How to Make Microfinancing Less Expensive for Emerging Entrepreneurs

Professor Bryan Bollinger studies interest rate mechanisms

May 17, 2018
Entrepreneurship, Finance
Professor Bryan Bollinger found a way to reduce interest rates on microfinance loans

Microfinancing platforms help entrepreneurs in emerging economies borrow from lenders around the world who crowdfund their business startup loans.

The lenders don’t make money, and most microfinancing platforms are nonprofits. But to reach the borrowers, they use intermediaries in the field who charge interest on the loans to cover their costs. Those interest rates can be higher than 30 percent in some cases. A professor at Duke University's Fuqua School of Business has devised a mechanism to keep interest rates lower without removing intermediaries from the process.

Professor Bryan Bollinger discusses his research in this Fuqua Q&A.

If lenders aren’t compensated, and the platforms are nonprofits, why do field partner intermediaries charge interest?

The field partners have costs, and charging interest allows them to cover those costs. That’s perfectly reasonable. But using data from Kiva, one of the largest microfinance platforms, we found the interest rates suggest the field partners who set them are maximizing profits rather than behaving in an altruistic way.

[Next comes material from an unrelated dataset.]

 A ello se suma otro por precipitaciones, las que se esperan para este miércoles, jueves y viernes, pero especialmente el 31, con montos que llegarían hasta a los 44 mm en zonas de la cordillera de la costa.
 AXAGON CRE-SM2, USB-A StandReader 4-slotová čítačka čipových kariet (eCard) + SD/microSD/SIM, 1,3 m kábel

Under the current system, there’s less risk to the field partner with microfinance if the borrower defaults on the loan. Higher interest rates are often correlated with higher default rates. However, since the field partners are not responsible for paying back the principle to the lenders if the loan defaults, they have a much lower incentive to prevent default. We demonstrate that by shifting much of the default risk to the lenders, microfinance creates an incentive for the field partners to increase interest rates.

Also, the interest rates do not affect lender decisions, which removes one of the disciplining mechanisms that can keep rates down. Essentially the field partners are able to monetize the altruism of everyone else involved. When the field partners are getting free capital from lenders – as they currently do from Kiva – and have no risk in recovering the principal, everything is gravy to them. 

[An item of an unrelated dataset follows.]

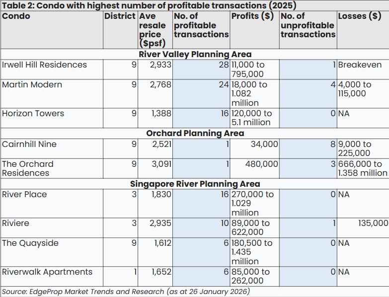 在各规划区平均转售价最高的公寓中,River Valley的公寓去年录得的盈利交易数量超过了乌节区和新加坡河的同类公寓,且是三个区域内唯一出现转售利润超过200万新元的。

So lowering interest rates means changing the incentives of the field partners. How can that be done?

The idea is very simple. The main difference in our proposed mechanism is that the loan is not actually to the borrower. Instead, the loan is to the field partner, who is then responsible to pay it back regardless of whether the borrower defaults. Of course, the money is lent to the field partner contingent on them loaning it to the borrower. 

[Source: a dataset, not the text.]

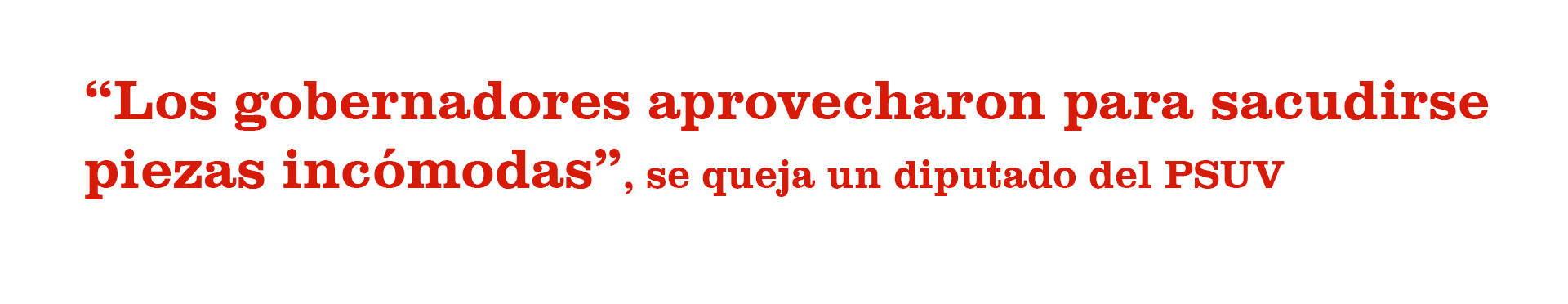 “Los gobernadores aprovecharon para sacudirse piezas incómodas”, se queja un diputado del PSUV. En ese grupo incluye a sus colegas Jesús Cepeda —Guárico— y José Rafael Ávila de Carabobo. El primero mantuvo un enfrentamiento público con Ramón Rodríguez Chacín, a quien calificó como un “engendro dedicado a perseguir a dirigentes políticos” en declaraciones recogidas por El Nacional el 29 de junio de 2013. En el caso de Ávila, promotor de la “agricultura familiar” para combatir el desabastecimiento, se ha dicho que está distanciado de Francisco Ameliach. La ficha que desplazó a ese presunto “incómodo” resultó ser Miguel Ángel Flores, quien fuera secretario del despacho de Ameliach y aspirante a la Alcaldía de Valencia.

It still provides that injection of capital into the system, which is very much a positive for consumers in the area, and more people will have access to loans because of microfinance. Separating the loan payback to lenders from the default removes the upward force on interest rates.

When the field partner is making the loan themselves, they are motivated to keep the interest rate lower so they can pay back the principal, even when setting rates to maximize profits. 

Why wouldn’t it be easier just to eliminate intermediaries altogether?

Around the time we developed our model, an alternative microfinancing platform – Zidisha – entered the market. They do not use intermediaries, and their interest rates are much lower, around 10 percent. This highlights the dramatic impact intermediaries can have on interest rates.  

That said, the field partners serve a valuable a role: they are the ones on the ground, identifying eligible borrowers, processing applications, disbursing the loans and collecting payments. That takes local knowledge, and it takes money. There’s nothing wrong with field partners charging interest, because those costs must be covered and people need to be paid for their work. But the current mechanism can lead interest rates to be higher than they would be for standard loans if microfinancing wasn’t even an option. By contrast, under our proposed system, the consumers and the field partners are both better off than they would be without microfinance.

Microfinance is seen as a key tool for alleviating poverty in developing world. It accounted for $25 billion in 2007 alone – more than a decade ago – and crowdfunding has exploded over the last decade, raising $2.7 billion just in 2012. I think microfinancing can play a really important role. But nonprofits like Kiva need to remain aware they are working with for-profit entities and should account for those entities’ incentives.